I am trying to verify the correlation between two parameters using bootstrap/permutation methods(classical example!). What i understand is that both permutation and bootstrap method involves shuffling the relationshiop between the two variables repeatedly and recalculating the correlation.

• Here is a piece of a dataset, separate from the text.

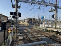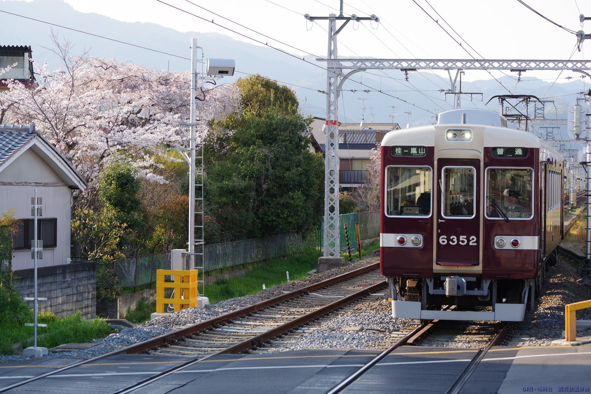 桂方面ホームから嵐山行き列車の撮影。ホーム端には架線柱と信号機があるため、下がって望遠のほうが撮りやすいです。ゆるく坂をくだってきた列車が撮影可能。嵐山行きが直線です。スプリングポイントは被ります。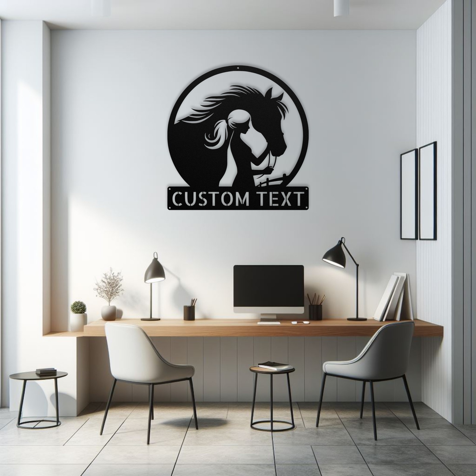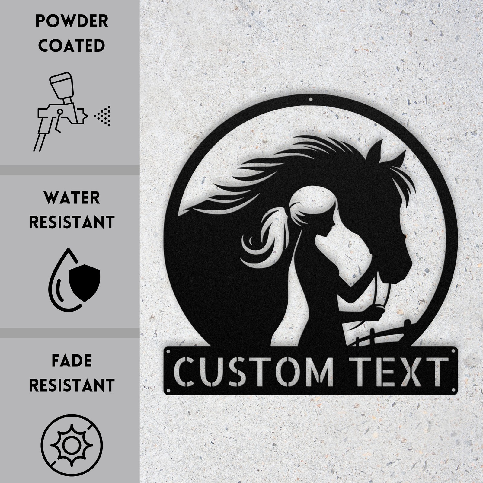 Product Description Enhance your home or stable decor with this charming Personalized Metal Sign featuring a girl with her horse. Made from high-quality 16-gauge metal , this custom wall art is designed for both indoor and outdoor use. Its durable powder coating ensures that it is dust, weather, and water-resistant , making it perfect for any environment. This personalized sign is not only a great addition to your space but also makes a thoughtful gift for Christmas, birthdays, or any special occasion . You can easily customize it with a name or a special message to make it truly unique. Whether you display it in your home, office, or barn, this sign will add warmth and personality to your decor. Key Features: Customizable : Add a name or message for a personal touch. Durable Material : Made from sturdy 16-gauge metal for long-lasting use. Weather Resistant : The powder-coated finish protects against dust, moisture, and outdoor elements. Versatile Use : Perfect for both indoor and outdoor decor. Great Gift Idea : A wonderful present for horse lovers for any occasion. Charming Design : Features a lovely depiction of a girl with her horse. Bring a personal touch to your decor with this Personalized Metal Sign . Itβs the perfect way to celebrate your love for horses or to surprise someone special with a unique gift. Order yours today! Service and Color Choice My metal signs are designed to be personalized just for you, making them the perfect addition to any space! The default color is Black , but I also offer a variety of beautiful options including Copper, Gold, White, and Silver . After placing your order, simply contact me with your preferred color choice, and I'll ensure your sign is exactly how you envision it. Letβs create something special together! π How Metal Signs Are Measured Metal signs are measured from the widest point to the opposite widest point of the design. The listed size (8β, 10β, 12β, 18β, 24β, 30β, 36β, etc.) always refers to the longest edge of the artwork, not the height only and not the width only. Because every design has its own shape and proportions, the other dimension (height or width) will adjust automatically . π Example (30-Inch Size) When selecting a 30-inch sign , the longest side of the design will measure 30 inches . If the design is wider than it is tall: Width = 30 inches Height adjusts proportionally (often around 18β22 inches depending on the design) If the design is taller than it is wide: Height = 30 inches Width adjusts proportionally This ensures the sign keeps its correct proportions and the original shape, no matter which size is selected. π¨ Custom Designs & Logos Welcome Have a special idea in mind? I can make it happen! Whether you need a business logo , family emblem , pet silhouette , or a one-of-a-kind design , I can create it from scratch and turn it into a high-quality metal sign. You can send your concept, sketch, or photo, and Iβll handle the custom design, editing, and production from start to finish. Your vision becomes real metal artwork made exactly the way you want it. β¨ Custom Any Design: If you have a special idea in mind, I can turn it into a metal sign, just message me! π¦ Ordering & Gift-Ready Each sign is crafted to order with great care and attention to detail. Your piece arrives ready to hang , making it easy to display or give as a thoughtful gift. Whether it's for your home or for someone special, every sign is made to impress and last for years. π Your support means the world to me and my family. Thank you for helping keep this small art business growing. π Production & Shipping Every sign is made to order with a fast turnaround time. Production Time: 1β2 business days Free Shipping: UPS Ground (estimated 2β5 business days ) Expedited Shipping: FedEx 2-Day Delivery available at checkout Shipping Location: All orders ship from Indiana, USA Each order is packed securely to ensure your metal sign arrives safely and ready to display.

However, histogram of Matlab function and my version of bootstrap give very different figures
using Matlab function to verify correlation:
load lawdata % this is matlab data example [rhohat phat] = corr(lsat,gpa); rng default % For reproducibility rhos1000 = bootstrp(1000,'corr',lsat,gpa); figure,hist(rhos1000,30,'FaceColor',[.8 .8 1])
Nearly all the estimates lie on the interval [0.4 1.0].
but if i use the following code
x1=lsat; n1=length(x1); x2=gpa; n2=length(x2); myStatistic = @(x1,x2) corr(x1,x2); sampStat = myStatistic(x1,x2); mybootstrap = zeros(nReps,1); for i=1:1000 sampX1 = x1(ceil(rand(n1,1)*n1)); sampX2 = x2(ceil(rand(n2,1)*n2)); mybootstrap(i) = myStatistic(sampX1,sampX2); end xx = min(mybootstrap):.01:max(mybootstrap); hist(mybootstrap,xx);
histogram plot looks like a normal distribution with mean around zero
(1)- Would you please kindly help me to figure out where is my mistake or misunderstanding? where the difference is coming from?
(2) - i think bootstrap is used to estimate the confidence intervals and the permutation test estimates significant corrlation, here,
p = sum(mybootstrap>sampStat)/nReps; .
should we report both results for our statistical analysis?
many thanks Karlo